Exercise materials Block Start

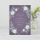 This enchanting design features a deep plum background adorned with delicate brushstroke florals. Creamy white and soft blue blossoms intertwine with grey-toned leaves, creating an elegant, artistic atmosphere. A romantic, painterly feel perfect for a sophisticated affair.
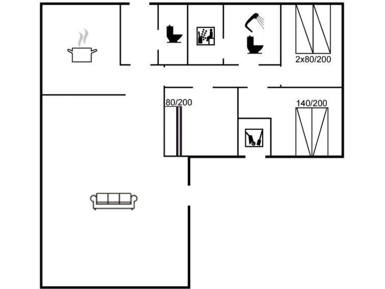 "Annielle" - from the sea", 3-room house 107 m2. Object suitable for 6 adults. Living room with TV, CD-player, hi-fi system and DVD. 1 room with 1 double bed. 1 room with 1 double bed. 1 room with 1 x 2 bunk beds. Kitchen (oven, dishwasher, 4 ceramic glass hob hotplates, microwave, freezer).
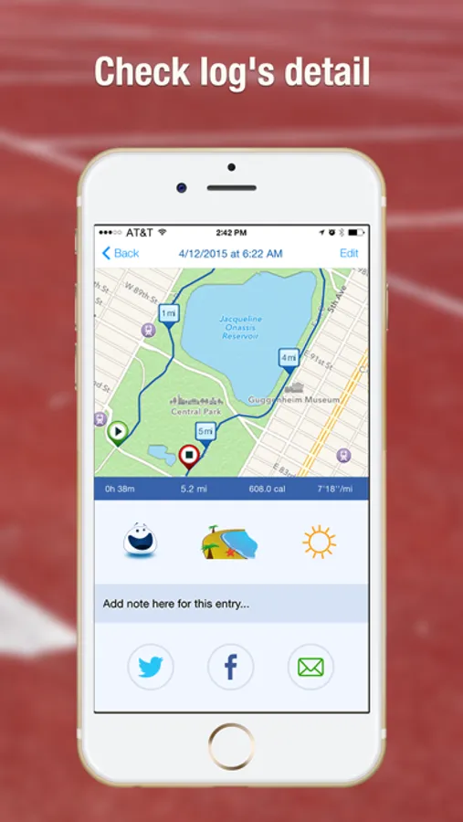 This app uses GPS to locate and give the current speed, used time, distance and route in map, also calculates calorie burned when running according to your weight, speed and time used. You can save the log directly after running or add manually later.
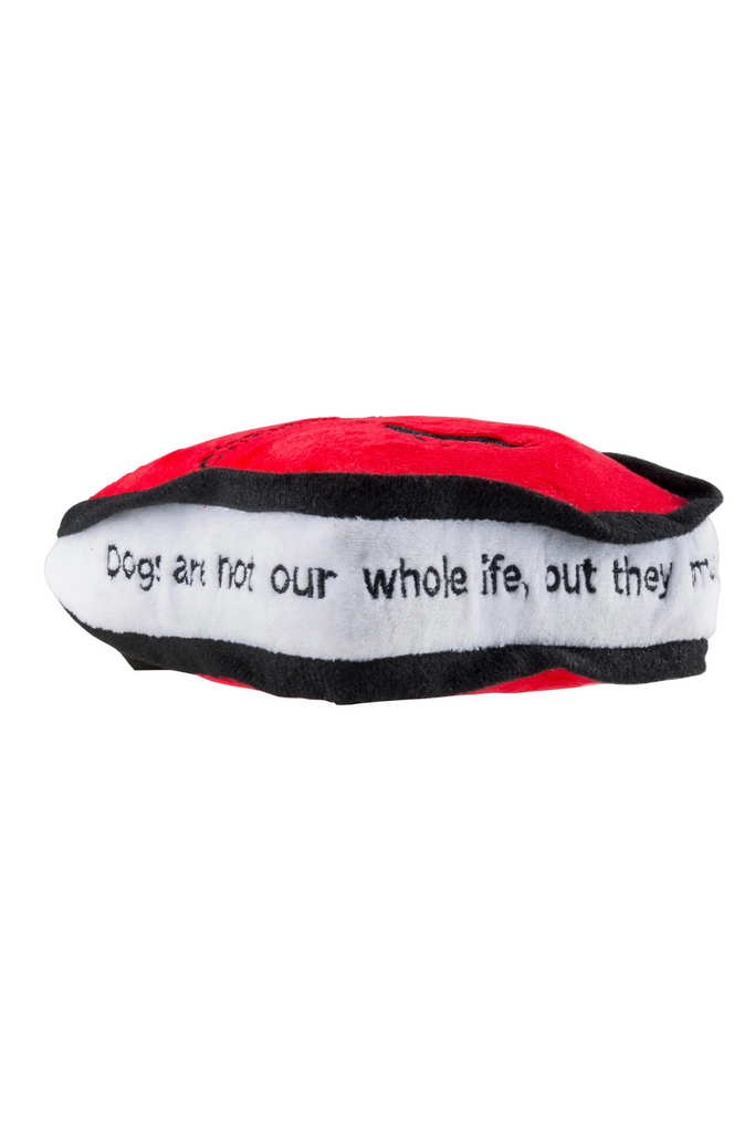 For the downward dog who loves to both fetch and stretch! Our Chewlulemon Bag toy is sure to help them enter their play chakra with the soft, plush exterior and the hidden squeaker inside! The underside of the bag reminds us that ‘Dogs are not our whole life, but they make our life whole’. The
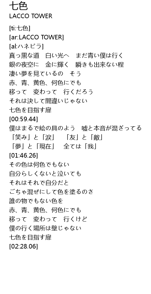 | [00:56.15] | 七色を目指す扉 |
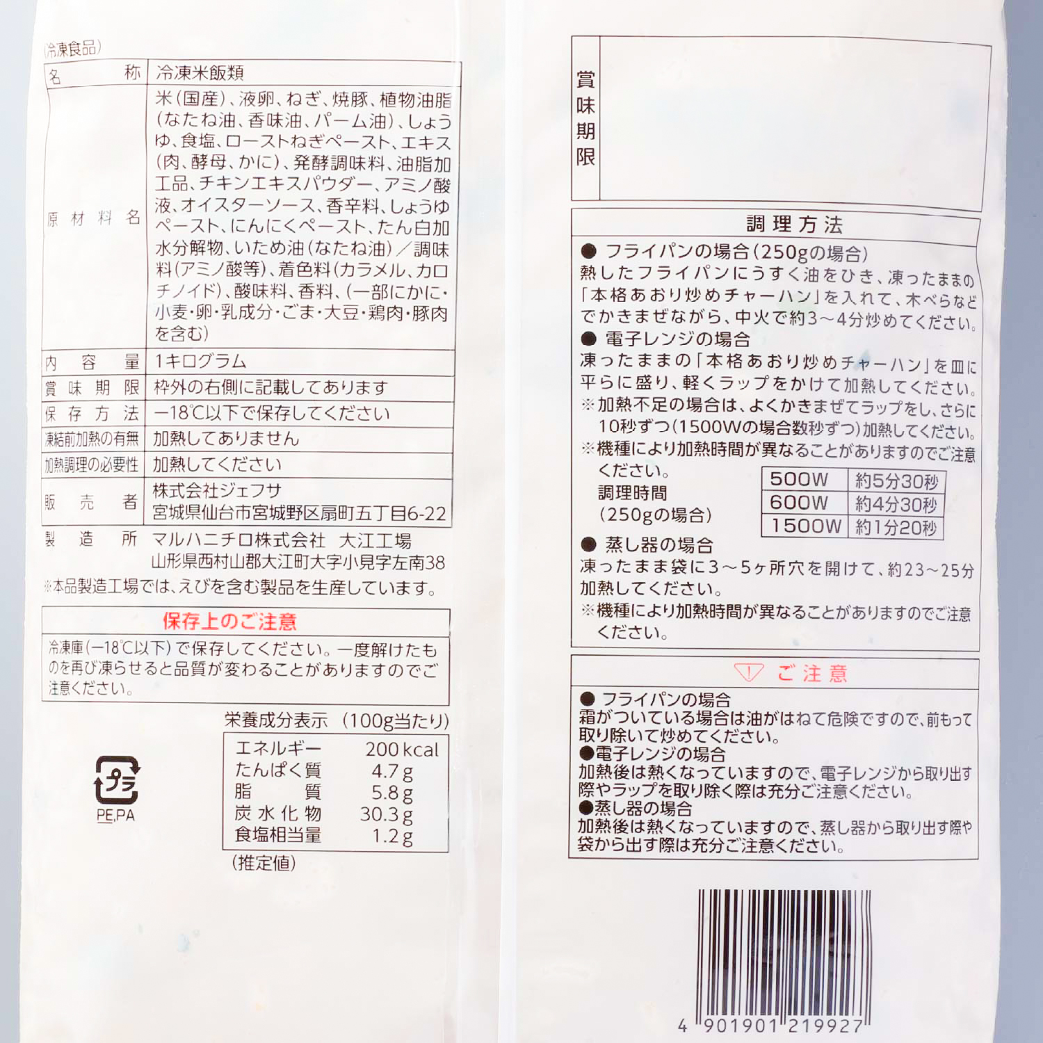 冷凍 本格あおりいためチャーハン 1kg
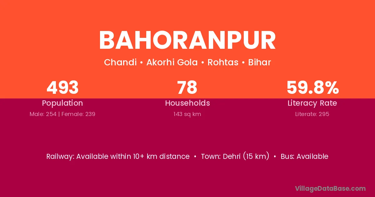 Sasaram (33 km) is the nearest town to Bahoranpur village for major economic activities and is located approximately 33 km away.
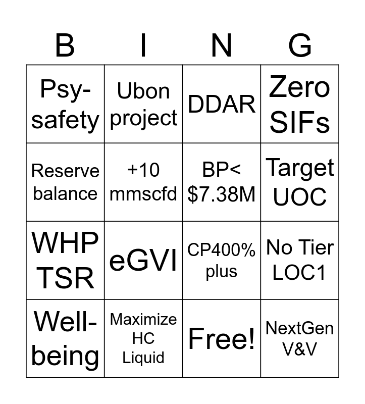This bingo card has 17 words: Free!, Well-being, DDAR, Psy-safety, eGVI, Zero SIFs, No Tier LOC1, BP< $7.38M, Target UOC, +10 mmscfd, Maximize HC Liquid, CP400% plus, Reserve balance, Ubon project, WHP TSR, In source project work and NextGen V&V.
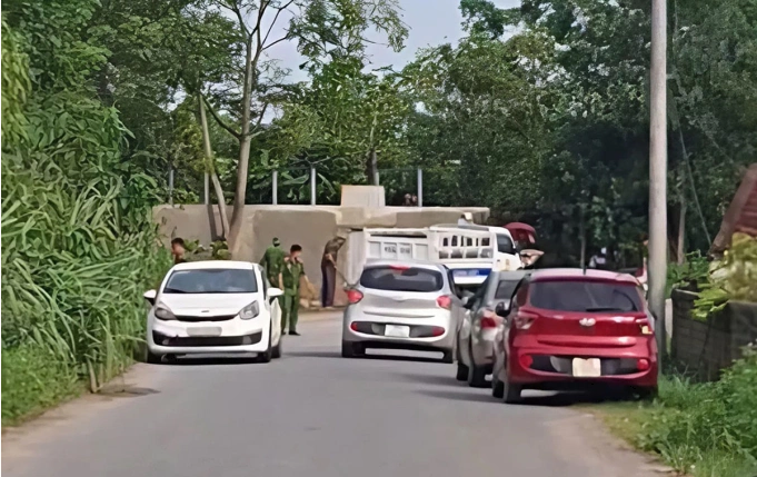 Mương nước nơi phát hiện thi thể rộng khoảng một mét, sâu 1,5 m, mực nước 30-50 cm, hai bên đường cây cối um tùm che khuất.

Exercise materials Block End

• _Instructions for the task_
All lines from the one containing "冷凍 本格あおりいためチャーハン 1kg" through the end of the data are to be restated exactly, with nothing else and without the pictures.

• _Finished task_
 冷凍 本格あおりいためチャーハン 1kg
 Sasaram (33 km) is the nearest town to Bahoranpur village for major economic activities and is located approximately 33 km away.
This bingo card has 17 words: Free!, Well-being, DDAR, Psy-safety, eGVI, Zero SIFs, No Tier LOC1, BP< $7.38M, Target UOC, +10 mmscfd, Maximize HC Liquid, CP400% plus, Reserve balance, Ubon project, WHP TSR, In source project work and NextGen V&V.
 Mương nước nơi phát hiện thi thể rộng khoảng một mét, sâu 1,5 m, mực nước 30-50 cm, hai bên đường cây cối um tùm che khuất.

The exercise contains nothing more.